Once endpoint has been created, you would be able to perform real-time inference.

### B. Create input payload

In [None]:
text = "Ice cream is a frozen dessert typically made from milk or cream that has been flavoured with a sweetener, either sugar or an alternative, and a spice, such as cocoa or vanilla, or with fruit, such as strawberries or peaches. Food colouring is sometimes added in addition to stabilizers. The mixture is cooled below the freezing point of water and stirred to incorporate air spaces and prevent detectable ice crystals from forming. It can also be made by whisking a flavoured cream base and liquid nitrogen together. The result is a smooth, semi-solid foam that is solid at very low temperatures (below 2 °C or 35 °F). It becomes more malleable as its temperature increases. Ice cream may be served in dishes, eaten with a spoon, or licked from edible wafer ice cream cones held by the hands as finger food. Ice cream may be served with other desserts—such as cake or pie—or used as an ingredient in cold dishes—like ice cream floats, sundaes, milkshakes, and ice cream cakes—or in baked items such as Baked Alaska. Italian ice cream is gelato. Frozen custard is a type of rich ice cream. Soft serve is softer and is often served at amusement parks and fast-food restaurants in America. Ice creams made from cow's milk alternatives, such as goat's or sheep's milk, or milk substitutes (e.g., soy, cashew, coconut, almond milk, or tofu), are available for those who are lactose intolerant, allergic to dairy protein, or vegan. Banana 'nice cream'[a] is a 100% fruit-based vegan alternative. Frozen yoghurt, or 'froyo', is similar to ice cream but uses yoghurt and can be lower in fat. Fruity sorbets or sherbets are not ice creams but are often available in ice cream shops. The meaning of the name 'ice cream' varies from one country to another. In some countries, such as the United States, 'ice cream' applies only to a specific variety, and most governments regulate the commercial use of the various terms according to the relative quantities of the main ingredients, notably the amount of cream.[1] Products that do not meet the criteria to be called ice cream are sometimes labelled 'frozen dairy dessert' instead.[2] In other countries, such as Italy and Argentina, one word is used for all variants."
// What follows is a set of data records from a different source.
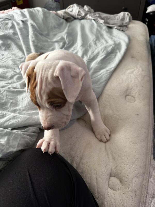 message kisses1274 about this ad Hi have 1 male Staffordshire/pitbull mix left he is 7 weeks old he was born July 1st he has beautiful green eyes he is such a big baby loves to cuddle and sleep loves kisses and treats! He is great with other animals and is almost potty trained very smart and alert boy! He is not going to be a huge dog maybe 50 pounds. Text Amy 248-410-5923 |
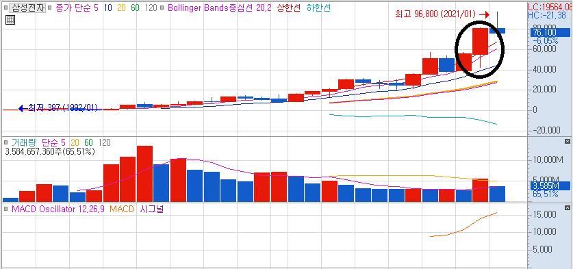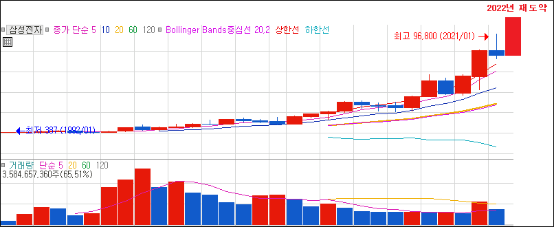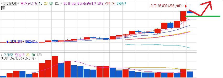 # 마지막으로 유튜브 등을 통해 삼성전자를 사서 존버하라는 소위 전문가들의 말만을 믿어서는 결코 성공할 수는 없음을 아셨으면 좋겠습니다. 과거 사례만을 두고 본다면 삼성전자는 추가적으로 상승할 수 없는 구간에 있으며, 다시금 60월선에 인접하거나 하회하는 차트를 만든 이후에라야 다시금 재도약을 준비할 수 있겠습니다.
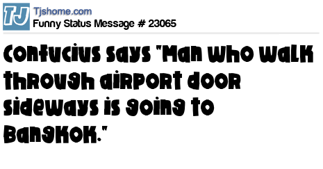 X is Confucius says "Man who walk through airport door sideways is going to Bangkok."
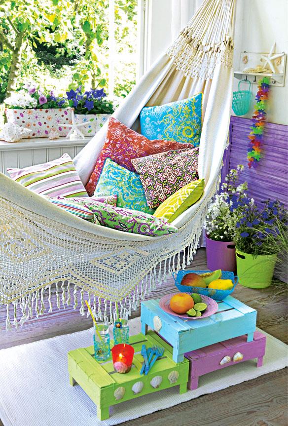 Ну вот, гамак готов! Теперь по желанию можно его украсить – получится не только удобно, но и стильно. Наиболее простой способ – пришить по длинным краям обычную бахрому или ажурную канву. Последняя продается во всех магазинах тканей, правда, стоит недешево, поэтому если у тебя есть хоть небольшие навыки в рукоделии – свяжи сама.
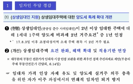 그리고 상생 임대인 제도로 임대료를 5% 이내로 올린 임대인은 '1세대 1주택 양도세 비과세 2년 거주요건’에 대해 면제 받게 됩니다. 좋은 임대인에게 인센티브를 주겠다는 겁니다.
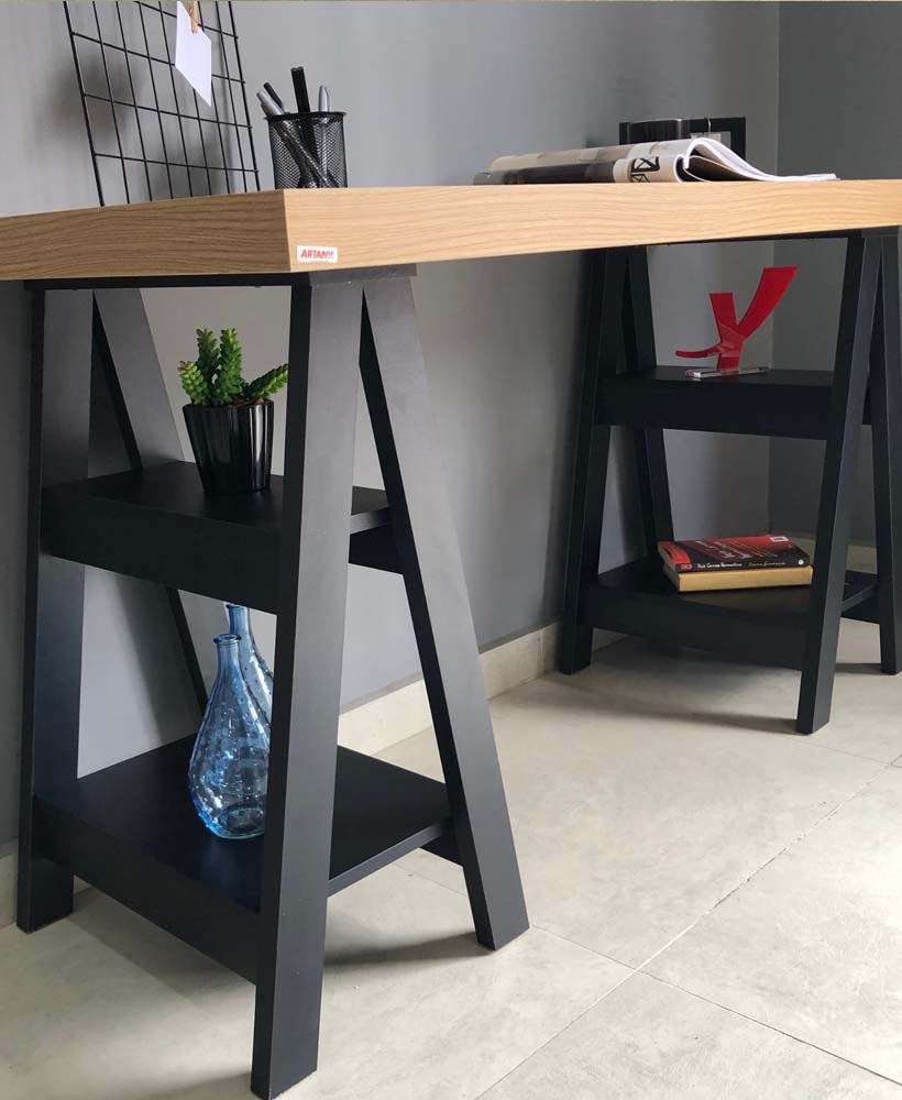 - Pés dos cavaletes em MDP 25mm com fita de borda PVC com 0,45mm de espessura;
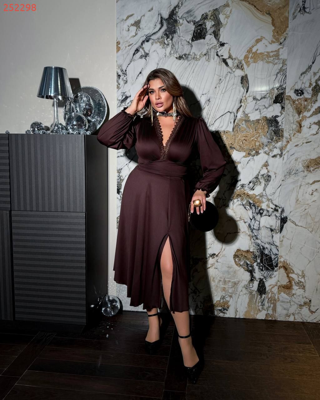М’який трикотаж забезпечує комфорт, а довжина додає витонченості. Для особистого шарму є розріз на нозі.
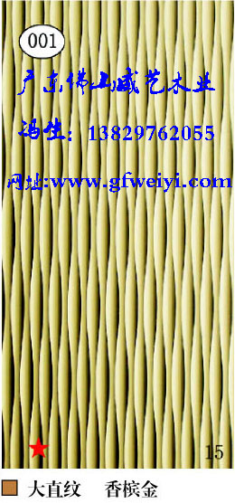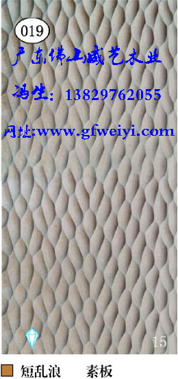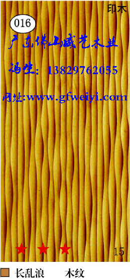 波浪板,通花板,浮雕板,木皮编织板是源自欧洲的一种新型时尚艺术环保室内装饰板材,是大理石、文化石、天然木皮、贴面板等传统装饰板材料的更新换代产品。威艺立体波浪板是以优质中纤板(根据客户要求选择高中纤板、高密度板、拼板及各类实木板等)为基材,经电脑雕刻出各种花纹,表面采用高超烤漆、贴金银箔等工艺精工制造,能塑造不同的时尚装饰效果。威艺以其品种齐全、线型优美、立体感强、光彩永恒、防潮、防变形、使用方便等性能特点,广泛应用于各种住宅、别墅、酒店、会所、商场、写字楼等室内装饰工程之中,并可配套于门业家具,还可用作屏风隔断、壁画,更可取代传统的天花板,营造出高档优雅、个性别具、立体感极强的商住休闲空间。
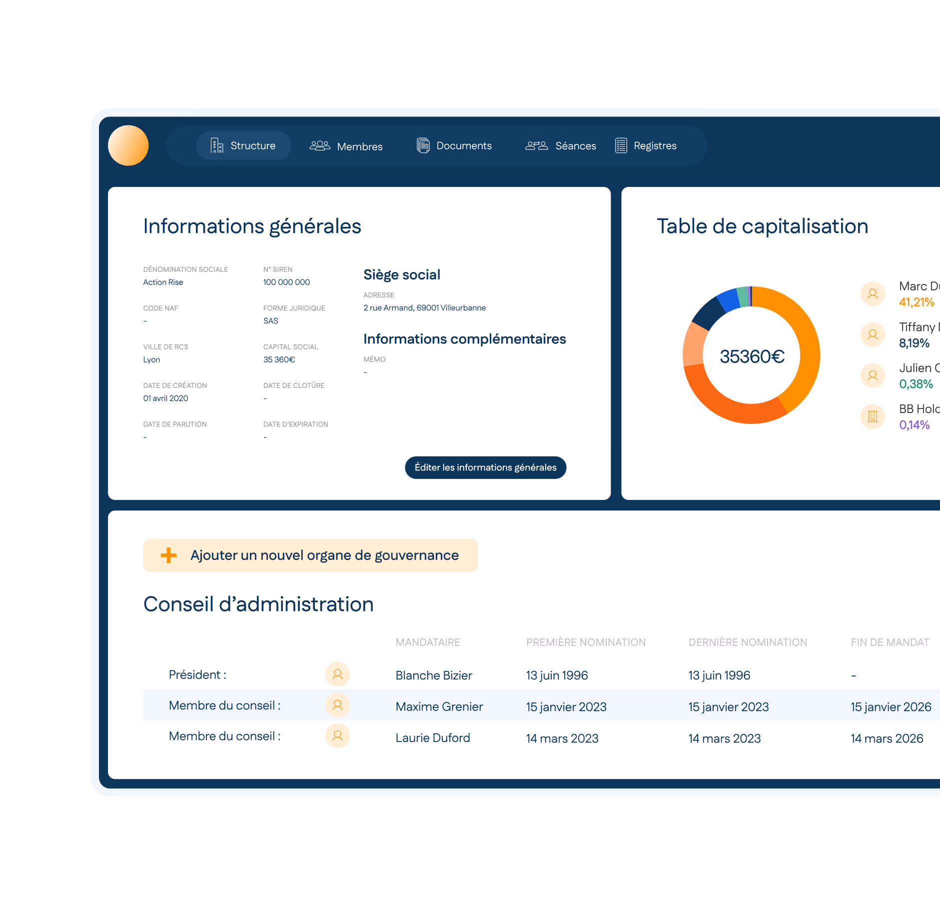 Nous avons commencé par utiliser Ubikap pour la tenue des assemblées générales. Très vite, on a également géré nos registres légaux sur la plateforme.

### C. Perform real-time inference

In [None]:
response = co.summarize(text=text)

### D. Visualize output

In [None]:
print(response)

### E. Optional Arguments

In [None]:
response = co.summarize(text=text, length="short", format_="bullets", extractiveness="low", temperature=0, additional_command="focusing on the next steps")

## 4. Clean-up

### A. Delete the endpoint

Now that you have successfully performed a real-time inference, you do not need the endpoint any more. You can terminate the endpoint to avoid being charged.

In [None]:
co.delete_endpoint()
co.close()

### B. Unsubscribe to the listing (optional)
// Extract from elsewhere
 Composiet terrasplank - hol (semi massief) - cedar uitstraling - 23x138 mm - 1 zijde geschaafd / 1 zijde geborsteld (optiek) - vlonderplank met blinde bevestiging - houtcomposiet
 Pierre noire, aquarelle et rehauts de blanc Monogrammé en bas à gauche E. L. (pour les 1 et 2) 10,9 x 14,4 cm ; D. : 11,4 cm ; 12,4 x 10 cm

If you would like to unsubscribe to the model package, follow these steps. Before you cancel the subscription, ensure that you do not have any [deployable model](https://console.aws.amazon.com/sagemaker/home#/models) created from the model package or using the algorithm. Note - You can find this information by looking at the container name associated with the model. 

**Steps to unsubscribe to product from AWS Marketplace**:
1. Navigate to __Machine Learning__ tab on [__Your Software subscriptions page__](https://aws.amazon.com/marketplace/ai/library?productType=ml&ref_=mlmp_gitdemo_indust)
2. Locate the listing that you want to cancel the subscription for, and then choose __Cancel Subscription__  to cancel the subscription.